THE DATA ▸
============================================================

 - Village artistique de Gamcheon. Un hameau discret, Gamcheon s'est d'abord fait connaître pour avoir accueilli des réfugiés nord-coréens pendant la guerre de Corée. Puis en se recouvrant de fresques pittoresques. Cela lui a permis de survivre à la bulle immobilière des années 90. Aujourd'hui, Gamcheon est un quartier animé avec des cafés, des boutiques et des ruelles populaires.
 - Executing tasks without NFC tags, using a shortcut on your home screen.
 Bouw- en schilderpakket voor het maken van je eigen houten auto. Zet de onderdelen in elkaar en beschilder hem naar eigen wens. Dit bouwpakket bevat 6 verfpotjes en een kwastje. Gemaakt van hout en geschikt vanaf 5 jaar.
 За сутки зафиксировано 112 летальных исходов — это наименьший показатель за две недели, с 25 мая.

============================================================

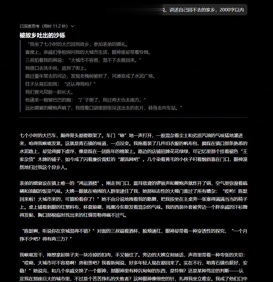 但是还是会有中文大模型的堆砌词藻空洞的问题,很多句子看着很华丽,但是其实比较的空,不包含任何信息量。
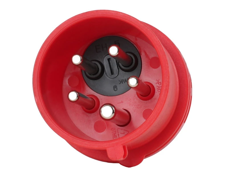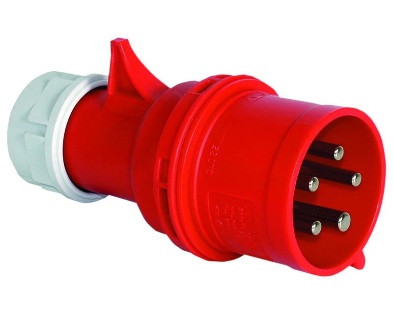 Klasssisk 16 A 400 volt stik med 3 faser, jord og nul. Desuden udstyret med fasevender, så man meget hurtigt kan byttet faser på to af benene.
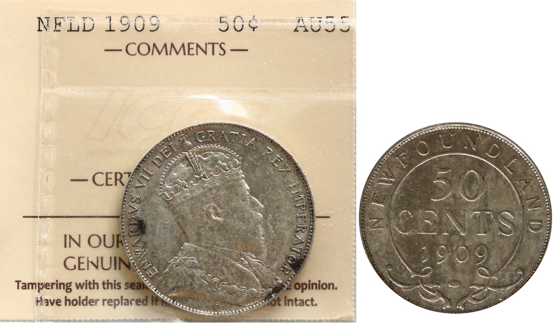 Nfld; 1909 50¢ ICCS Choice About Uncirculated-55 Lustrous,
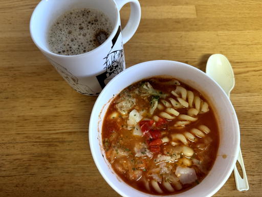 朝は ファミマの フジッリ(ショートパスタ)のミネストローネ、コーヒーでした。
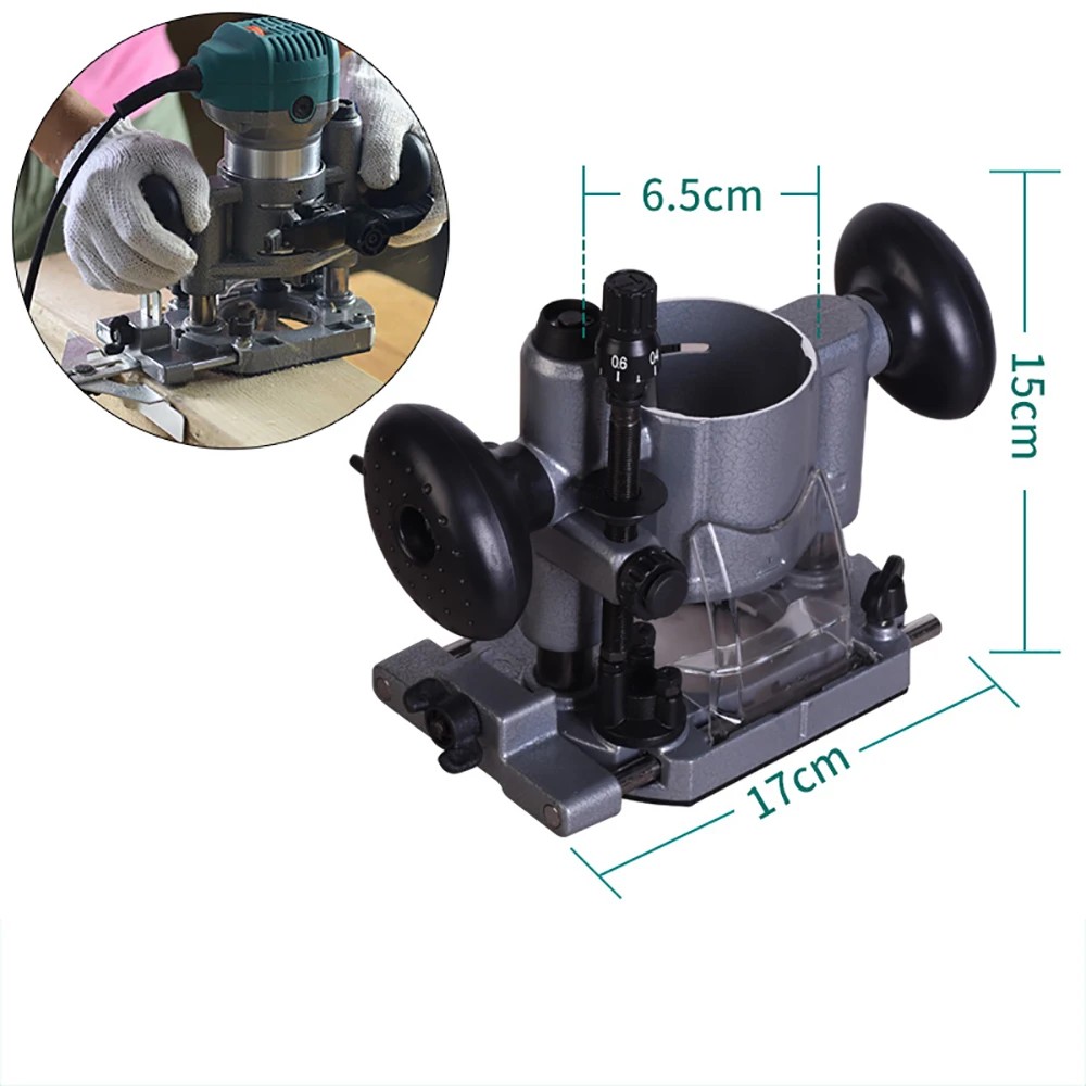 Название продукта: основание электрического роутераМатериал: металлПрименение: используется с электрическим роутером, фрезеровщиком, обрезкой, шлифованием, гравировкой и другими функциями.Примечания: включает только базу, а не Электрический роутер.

============================================================

ACTIVITY ▸ Above are the records; copy exactly the lines from the one with "朝は ファミマの フジッリ(ショートパスタ)のミネストローネ、コーヒーでした。" through the one with "Название продукта: основание", including both, and nothing more. Leave out pictures.

SOLUTION ▸
 朝は ファミマの フジッリ(ショートパスタ)のミネストローネ、コーヒーでした。
 Название продукта: основание электрического роутераМатериал: металлПрименение: используется с электрическим роутером, фрезеровщиком, обрезкой, шлифованием, гравировкой и другими функциями.Примечания: включает только базу, а не Электрический роутер.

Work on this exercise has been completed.